Bright editorial heads, publicists both in the province and in the center were subjected to repression. A member of the editorial board of, Koltsov, editors of, Kostrov, Bubekin, publicist writer Tretyakov and many others were slandered and died. At the same time, this specific aspect of the activity of the Soviet press has not been studied enough, which does not allow today to draw lessons from it and avoid their repetition.
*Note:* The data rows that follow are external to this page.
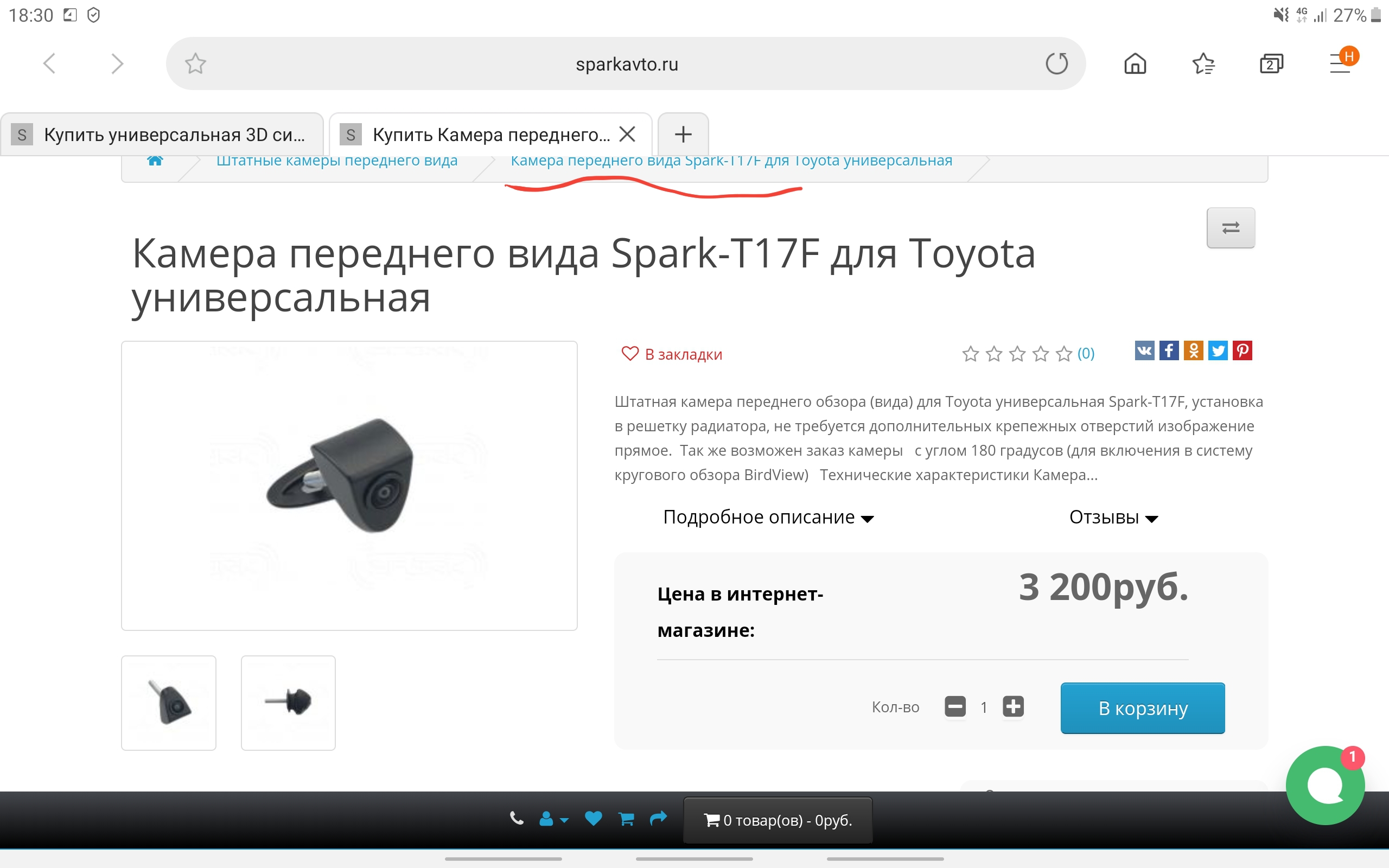 Необходимо выбрать камеру переднюю , я выбрал такую https://sparkavto.ru/shtatnye-kamery-pe ... oyota-spar k-t17f.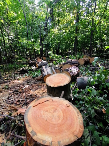 Срубы деревьев в лесу летом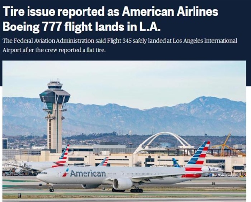 ·波音再出安全事故!美國航空一架波音777飛機疑似起飛時“爆胎”。

A particularly tangible blow was dealt to the newly born intelligentsia of the national republics. Tekeeva writes that it is impossible not to admit that the national intelligentsia of the republics of the North Caucasus formed in the 30s was represented mainly by people loyal to the Soviet government. At the same time, it was the most ideologized part of the population and was subordinated to the administrative command system that was beginning to take shape.

It pursued a new ideology, used the forms and methods of ideological influence on the masses proposed by the Soviet government, but even as such, she could not avoid the repressions that took place in the mid and late thirties. It is hard to realize, but the press of the region, which has become an instrument of ideological influence on the masses, had to take part in the actual destruction of the national intelligentsia of the republics and regions of the North Caucasus. If it were possible to avoid this monstrous injustice, the intelligentsia of the North Caucasus would be able to make a much greater contribution to the development of all spheres of science, technology, and art (Tekeeva, 2003, p. 37).

One of the organizers of the Chechen press, Oshaev (1997), assessed the disastrous consequences of repression for the development of national culture:

The ranks of the Chechen intelligentsia were thin, and the level of education was very low. And in 1937–1938, the intelligentsia was so shaken that there were stubs left of it. In particular, out of 12 members of the Union of Writers of Chechen-Ingushetia, 9 people were arrested, 7 people were convicted, 4 people were shot. I myself, a member of the Writers' Union since 1934, spent 14 years in prison, two of them in solitary confinement. (p. 74)

Of the six first editors of the Chechen–language newspaper-, four were repressed.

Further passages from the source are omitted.